Conclusion: This instance is a $2$ vs. $\log_2$ $(n+1)$ integrality gap for Set-Cover. This yields a ratio of $\Omega(\ln n)$, but not the full $(1-\epsilon) \ln n$ we've come to expect.

--------------------

Comparing with the way things have gone before, I bet you think I'm going to now tell you a straightforward way to extend this to get the full $(1 - \epsilon) \ln n$ gap, perhaps by looking at an instance with ground elements $\mathbb{F}_k^n$.

Well, I'm here to tell you that I don't know how to do this. Quite likely it's possible, but I couldn't see how. I'd be very very interested if one of you could give such an example.

--------------------

So is there another kind of integrality gap instance? Or perhaps $Lp$ and $Opt$ can never be off by more than a $(\log_2 n)/2$ factor...

Since Feige proved that the $(1-\eps) \ln n$ decision problem is hard, we know that the former must be the case. (Otherwise, the efficient algorithm of computing and outputting $Lp$ would contradict his theorem.) Here is one way to show it:


Fix an abstract set of ground elements, $\Omega$, of cardinality $n$. Introduce sets $S_1, ..., S_M$ by picking them randomly (and indendently). For each $S_i$, we choose it by including each element of $\Omega$ with probability $1/k$. We will take $M = (C k^2) \log n$ for a large $C$ to be named later.

Analysis: Each element is expected to be contained in about a $1/k$ fraction of the sets. If we take $C$ large enough, then a Chernoff bound + union bound will imply that with high probability, every element is contained in at least a $(1/k)(1 - \epsilon)$ fraction of sets. (Here we can make $\epsilon$ as small as we like by making $C$ large.) Thus we can get a valid fractional solution to the LP by taking each set to the extent $(k/M)/(1-\epsilon)$; this solution has value $k/(1-\epsilon)$. Summarizing: with high probability, $Lp \leq k/(1 - \epsilon)$.

We now would like to show that with high probability, $Opt \geq t := (1-\epsilon) k \ln n$. This will give us an $Opt/Lp$ integrality gap of $(1-\epsilon)^2 \ln n$, which is good enough.

To see this, we fix any set of $t$ out of $M$ set indices and show that the probability these sets end up being a valid cover is very small. If the probability is significantly smaller even than $1/{M \choose t}$ then we can union bound over all possible size-$t$ covers and be done.

Now each element $e$ has a $1-1/k$ chance of being uncovered by a given set, and thus our fixed $t$ sets have a $(1 - 1/k)^t$ chance of leaving $e$ uncovered. With our choice of $t$, this quantity is essentially $\exp(-(1-\epsilon) \ln n) = 1/n^{1-\epsilon}$ (slight cheat here as the inequality goes the wrong way, but one can fix this easily). The events that the $t$ sets cover each element are actually independent across elements. So the probability that all elements are covered is at most $(1 - 1/n^{1-\epsilon})^n \leq \exp(-n^{\epsilon})$. This is indeed much less than $1/{M \choose t}$, since this latter quantity only is of the order $1/(\log n)^{O(\log n)}$ (assuming $k$ and $\epsilon$ are "constants"), much smaller than $\exp(-n^{\epsilon})$.

2 comments:

Suresh said...

Does the integrality gap depend on the nature of LP formulation. For example if we have some alternative LP formulation for set cover problem, do we end up getting different integrality gap.

Ryan O'Donnell said...

Yes, it does depend on the LP formulation.

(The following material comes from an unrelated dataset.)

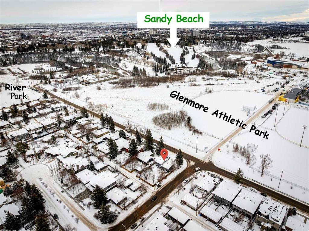 Offers subject to viewing. Incredible opportunity to redevelop this 63’x121′ corner lot facing Glenmore Athletic Park and only steps to River Park, Sandy Beach and Altadore Elementary School. Zoned RCG, this property offers an array of redevelopment opportunities. This super solid 4-level split with a single attached garage and five bedrooms offers a very livable home (current owners have been here for 14 years). Hardwood floors, open kitchen with replaced cabinets, granite countertops, newer backsplash and stainless steel appliances. Renovations to both baths, a beautiful full-height fireplace in the living room, a finished lower level with two bedrooms, a family room, and a small gym/flex room. New roof, newer on-demand boiler, high-efficiency furnace and more. Excellent holding property or redevelop now. Note: The access road to Glenmore Athletic Park across the street will be permanently closed. Offers are subject to viewing. Call Jon if any questions 403-827-9499. Offers are subject to viewing. No sign on property.

Note, though, that since we know NP-hardness of deciding Set-Cover to within a factor of (1-eps) ln n, there cannot be any poly-size LP formulation for Set-Cover with integrality gap less than (1-eps) ln n. (Unless P = NP!)

[Actually, we only know this hardness subject to NP not in DTIME(n^{O(log log n)}), so "unless NP in DTIME(n^{O(log log n)}}".]